Я отрицательно покачал головой.
— Потому что ты расстроил мисс Соню Гласс. Это перо напомнило ей о прошлом, отчего ей стало невыразимо горько. Прошлое нужно оставить в покое, Кори. Мир должен продолжать жить дальше. Ты согласен со мной?
— Не знаю…
— Но увы, подобно этому зеленому перышку, прошлое вновь и вновь напоминает о себе. Кому-то обязательно надо вытащить его и выставить на всеобщее обозрение. Если же человек хочет выбраться, чтобы не утонуть в этой грязи, он вынужден расплачиваться за свое прошлое снова и снова. Это несправедливо, Кори, это неправильно. Ты понимаешь, что я имею в виду?
Я ничего не понимал, где-то упустив нить его рассуждений.

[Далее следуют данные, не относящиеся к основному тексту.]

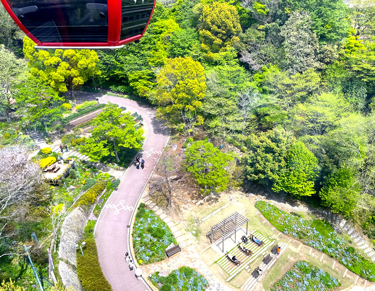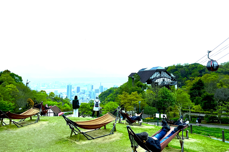 ロープウェイ「中間駅」を通り過ぎると、「神戸布引ハーブ園」の散策を楽しむ人やハンモックでリラックスしている人が見えます。
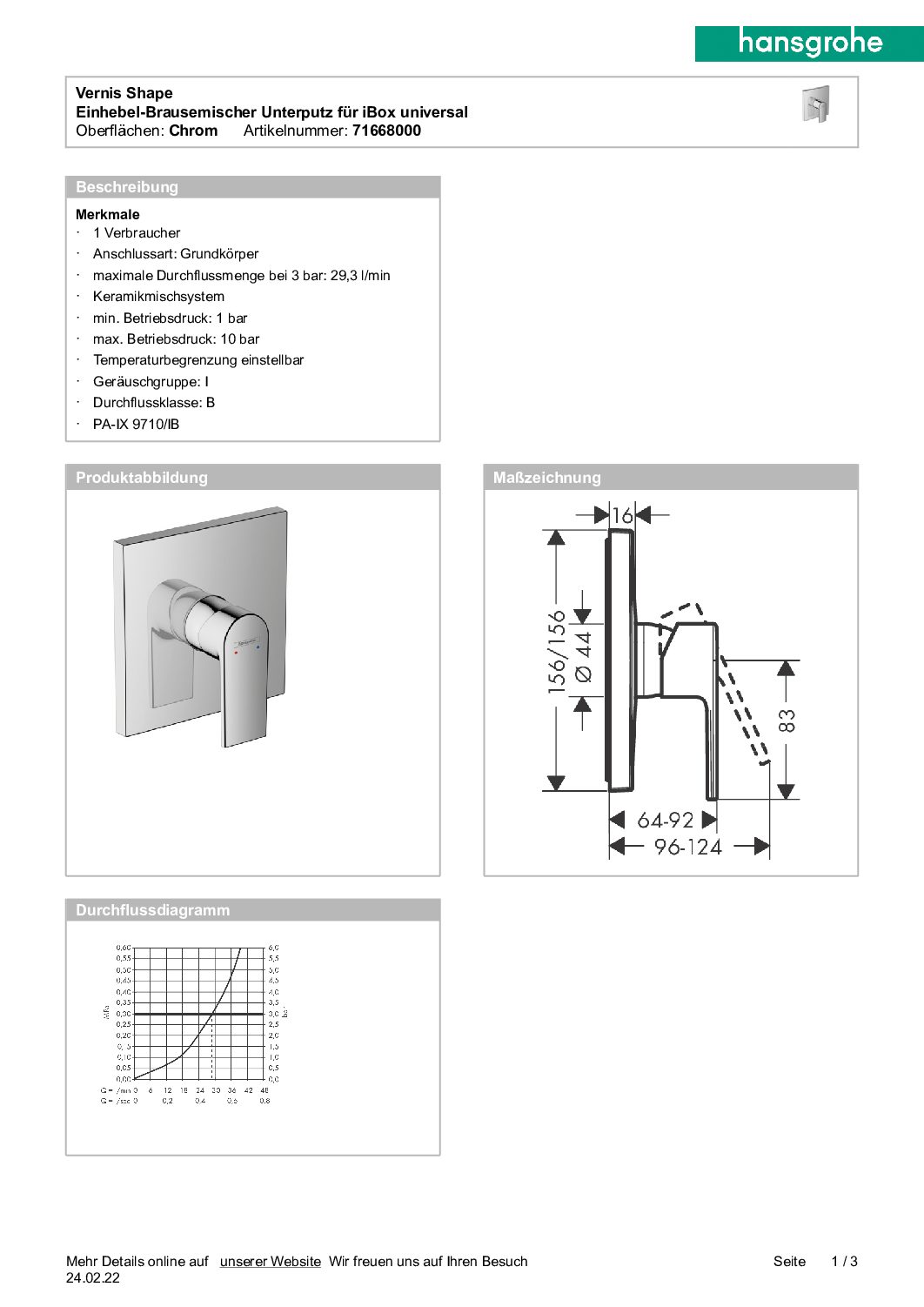 Unterputz-Brausemischer Hansgrohe Vernis Shape Rosette 156×156 mm chrom

— Мы обладали чувством чести! — сказал доктор Лезандер, и глаза его лихорадочно заблестели. — Мы знали, что такое гордость! Но взгляни на мир, что окружает нас, Кори! Только посмотри, во что он превратился! Мы знали место назначения, но нам не дали привести туда мир. И вот теперь мы имеем то, что имеем. Хаос и вульгарность окружают нас со всех сторон. Расы смешиваются друг с другом, люди совокупляются с такой легкостью, которой не позволяют себе даже животные. В свое время у меня была возможность стать врачевателем рода людского. Я много раз делал это. И знаешь, Кори, я скорее встану на колени в грязь, чтобы вылечить свинью, чем спасу человеческое существо. Вот какое мнение сложилось у меня о людской расе! Вот что я думаю о лжецах, повернувшихся к нам спиной и запятнавших нашу честь! Вот что я… вот что я думаю обо всем этом!
Схватив со стола чашку с колли, доктор Лезандер со всего маху швырнул ее об пол. Чашка ударилась о кафель рядом с моей правой ногой и с треском разлетелась на мелкие осколки.